Many-one reducibility formalizes the common procedure in formal language theory and the theory of computation of reducing one problem to another to show that a particular theorem applies to them both. In symbols, we say two sets A and B are many-one reducible by saying A ≤M B. This means that there must exist some total recursive function f:A → B such that if x is in A if and only if f(x) is in B. This relation is clearly reflexive (a set is obviously many-one reducible to itself) and transitive (by composing the total recursive functions together), but not symmetric (as an inverse for f might not in general exist).

Many theorems exist that use many-one reduction as a key element. For instance, if we have some set A that is many-one reducible to a recursive set, then A must itself be recursive. Similarly if A ≤M B, with B being a recursively enumerable set, then A must also be r.e. This is very useful in proving certain sets decidable or undecidable.

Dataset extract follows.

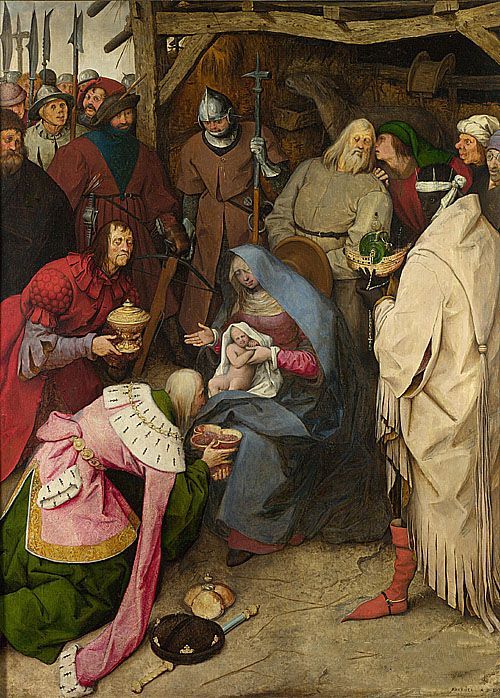 勃鲁盖尔《三贤王的膜拜》作品介绍:外文名The Adoration of the Kings;橡木、油彩oil on oak;纵112.1厘米,横83.9厘米;作于1564年;藏于英国伦敦国家画廊National Gallery, London。

This notion is extended in complexity theory with the idea of polynomial time many-one reducibility. It is the same as plain many-one reducibility, with the additional restriction that the total recursive function in the definition must be computable by some deterministic Turing machine that runs in polynomial time. This idea plays a key role in the theory of NP-complete problems, as it figures prominently in the formal definition of NP-completeness. A formal language/problem is said to be NP-complete if it is in NP and also is polynomial-time many-one reducible to any other problem in NP (that is it is NP-hard).